So England finally stumbled over the line to yet another major tournament and already the media and public are getting out of their collective prams about their chances. Admittedly, there has been a little more realism than normal but still a worrying percentage of people are getting all nationalistically driven to believe England have some kind of chance – quoting Chelsea’s Champions League victory or Greece’s European win as some kind of marker.
These misconceptions aren’t new things, but both Chelsea and Greece had a lot more going for them when entering the tournament than England do now – Greece were extremely well drilled and players all hit top form at once but had a settled group. Chelsea still had some fading top quality players and had a nuclear slice of luck on their side throughout their run in – England have neither of these and I hardly see England making their own luck considering the amount they would need to overcome their quality deficit. The way England performed against Montenegro and Poland was hardly that based on skill and technical ability that has kept them so far away from the top nations for years but a Premier League based game of pace and direct running, something that the best defenses will snuff out quicker than you’d imagine. Much has been made of how offensively they set up and played but when you have to win your final two games against supposedly weaker opposition; how much of an option do you have?

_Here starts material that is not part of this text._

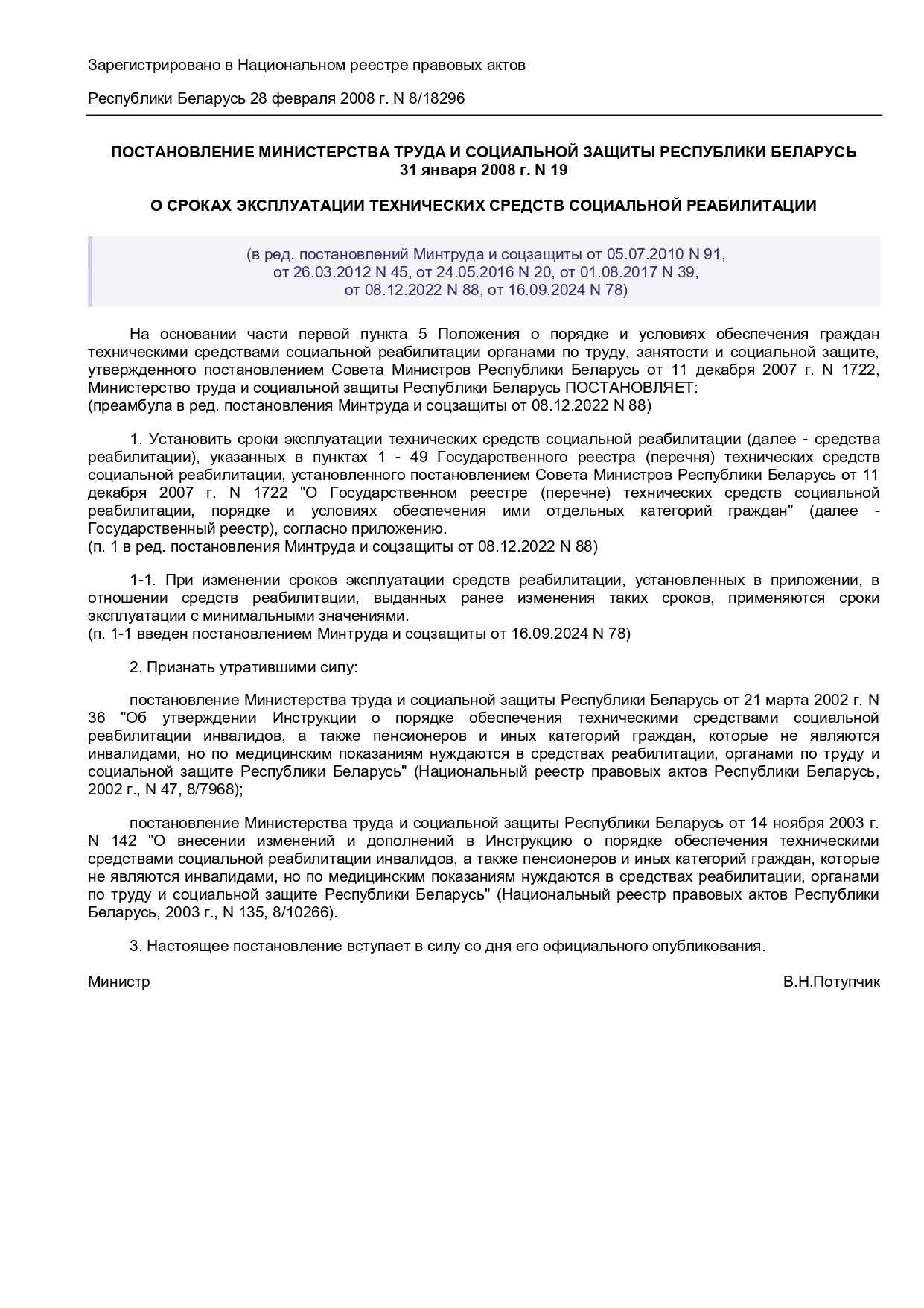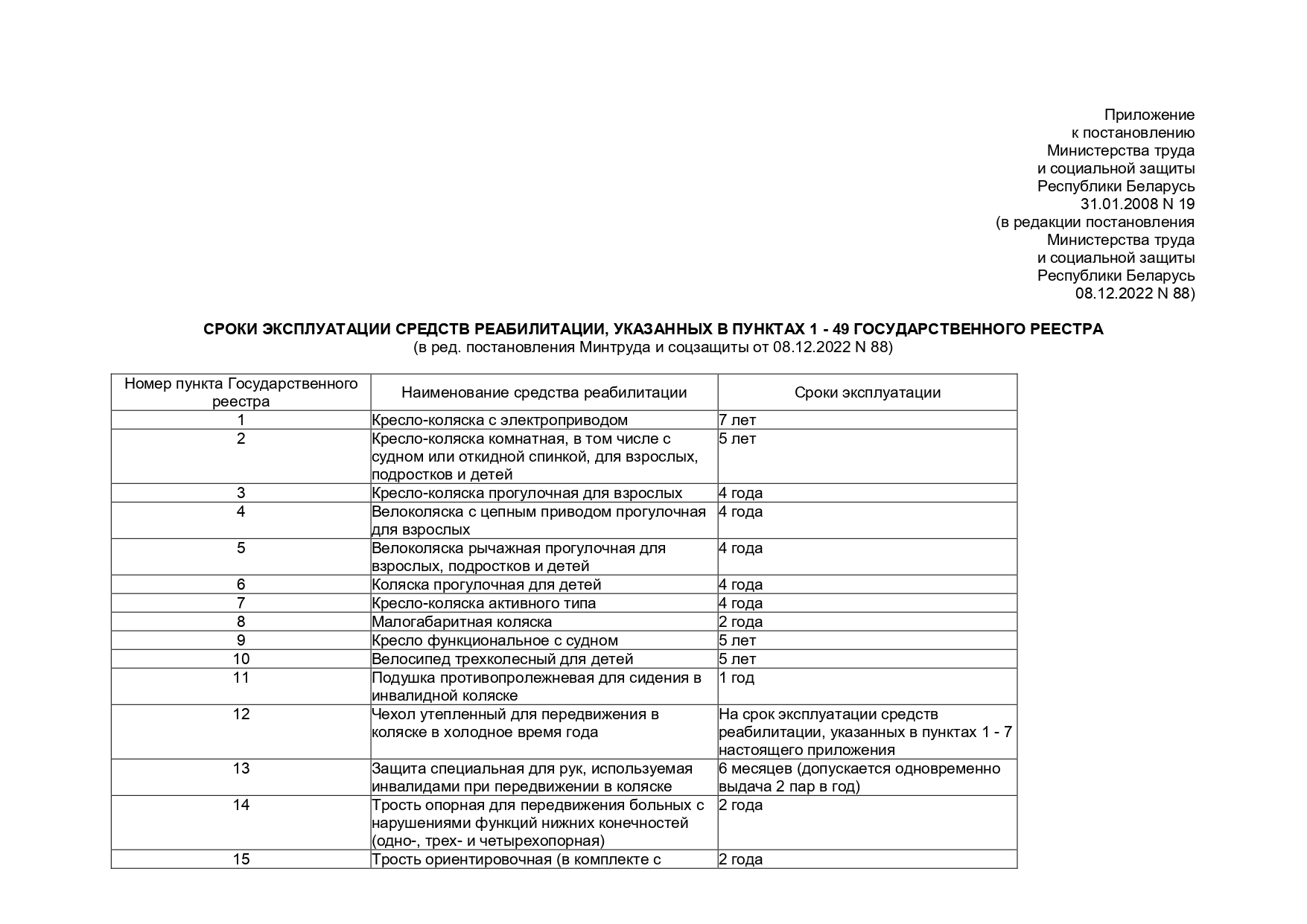 Постановление Министерства труда и социальной защиты Республики Беларусь 31 января 2008г. №19 "О сроках эксплуатации технических средств социальной реабилитации"

Andros Townsend’s performances epitomised the nature of England’s game and the wonderment with which people saw his game – he ran in straight lines fast, that was it. Admittedly, Townsend produced a great deal more of a final product than many wingers have done in the past for England but this is quite a revelation for Townsend compared to his hit and miss – occasionally greedy – performances for Tottenham. The typical overly unnecessary and unwarranted pressure will be piled on Townsend but the matter of fact remains he has had two impressive, yes, but quite simple performances for England so it’s far from time to get carried away about him.
On the whole, England were lucky against Poland, the number of chances they handed to Robert Lewandowski could’ve ended rather more clinically on another day and this current English back line doesn’t seem capable of handling top quality forwards as Zlatan Ibrahimovic exhibited with his demolition of England all too recently. Lewandowski fluffed a couple of clear-cut chances that may have just proved it was England’s day and they scrambled away to Brazil without the agonising process of qualifiers that now look all the more daunting considering the sides left in their and both Cristiano Ronaldo and Franck Ribery awaiting the draw later this month – what a disappointment it would be for a World Cup without two of the top players around, as Ibrahimovic and Sweden also await the draw.
Finally, if anything can really be taken from England’s qualification from what was considered an easy group and the huffing and puffing they messed around with in the process, it is this; there is no need to take players who are peaked or past it to this world cup, take a couple of the seniors – Gerrard and Cole and fill the rest with the players who could win trophies in the next two or three major tournaments. With this in mind, my suggested squad of 23 would be as follows:
Goalkeepers: Butland (1st choice), Forster, Hart
Defence: Clyne, Walker, Caulker, Jones, Smalling, Cole, Shaw, Wisdom
Midfielders: Gerrard, Chalobah, Carroll, Oxlade-Chamberlain, Barkley, Redmond, Morrison, Wilshere
Strikers: Sturridge, Rooney, Ings, Hooper
Written before the Chile and Germany matches, another review will be approaching in the light of those performances.